En el ámbito moral esto supondría respetar las elecciones de cada persona en toda una
serie de aspectos que escapan a las categorías de lo obligatorio y lo prohibido para que
elijan lo que juzgan preferible o beneficioso en nombre de sus propios valores. La
tolerancia concebida como pasiva (la que practicó Voltaire) consiste en permitir que el
otro exprese su punto de vista y defienda su posición en el espacio público sin prejuzgar
si se aprobará o no, es decir, permite la diferencia pero no la fomenta, porque considera
que en los ámbitos moral y religioso existen algunas posiciones que tienen primacía
sobre otras. Por otra parte la intolerancia activa, también ejercida por Voltaire, conlleva
una lucha en el plano de las ideas contra la superstición y el fanatismo, frente a la
intolerancia pasiva que considera el espacio público como un lugar de debate donde se
impondrá la opinión más razonable, sin que tal predominio suponga coacción sobre las
restantes ideas. La intolerancia activa de Voltaire y su combate a favor de la
emancipación humana y la difusión de las luces están basados en una concepción muy
dieciochesca de la razón que, en nombre de su universalidad, califica de atrasados e
incluso de irracionales todos los comportamientos que le parecen bárbaros. Una
concepción de tolerancia liberada de todo sometimiento teológico y preocupada por la
libertad de pensamiento y de expresión de todos, pero no total que recuerda –como
señala Charles- los debates actuales entre defensores del comunitarismo y partidarios de
un republicanismo laico.
Porque nos movemos en un marco de respeto y pluralismo (ya nos hemos referido a que
los propios editores tenemos divergencias interpretativas, lo que no nos impide cooperar
y respetarnos mutuamente) ofrecemos en este libro un abanico de enfoques diferentes.
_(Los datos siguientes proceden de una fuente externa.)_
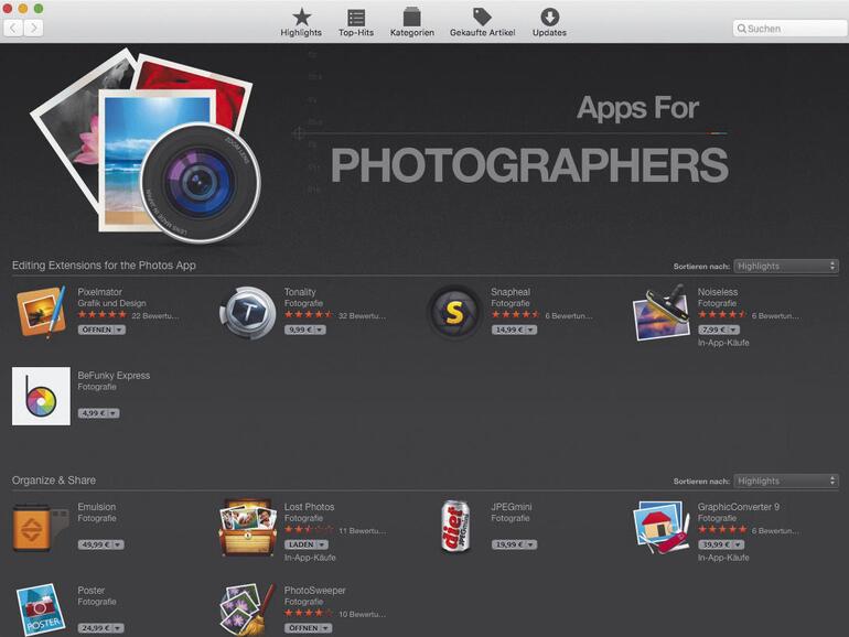 Es gibt nicht viel, was bei Fotos besser wäre als beim alten iPhoto, einen Vorteil gibt es aber doch: Die Fotos-App besitzt eine leistungsfähige Plugin-Schnittstelle, die ohne Umwege direkt von Apps benutzt werden kann. Alles, was Sie dafür tun müssen, ist ein Programm mit entsprechenden Erweiterungen – etwa Pixelmator (6) – im Mac AppStore zu erwerben und anschließend im Bearbeitungs-Modus der Fotos-App auf den Punkt „Erweiterungen“ klicken. Hier werden vorhandene Erweiterungen automatisch eingepflegt, im Fall von Pixelmator das Tool „Distort“, mit dem Sie Bilder bizarr verdrehen und verformen können. Zusätzliche Apps, die entsprechende Funktionen besitzen, pflegt Apple auf einer eigenen AppStore-Seite (7). Leider gibt es derzeit im Netz noch keine Extensions für Fotos.

Es obvio que los autores de esta obra no entienden de la misma forma el significado de
la tolerancia, al igual que ocurría con los forjadores de la tolerancia. Algunos forjadores
consideraban el término tolerancia un insulto y reclamaban respeto y aceptación. De
igual manera algunos de nuestros autores preferirán como Leibniz, Kant, Mirabeau,
Paine o Stuart Mill, destacar la vertiente de reconocimiento hacia el otro. Sin negar este
aspecto, los editores piensan que hay aspectos en el otro que no son dignos de respeto y
que, a lo más que podemos llegar es a tolerarlos.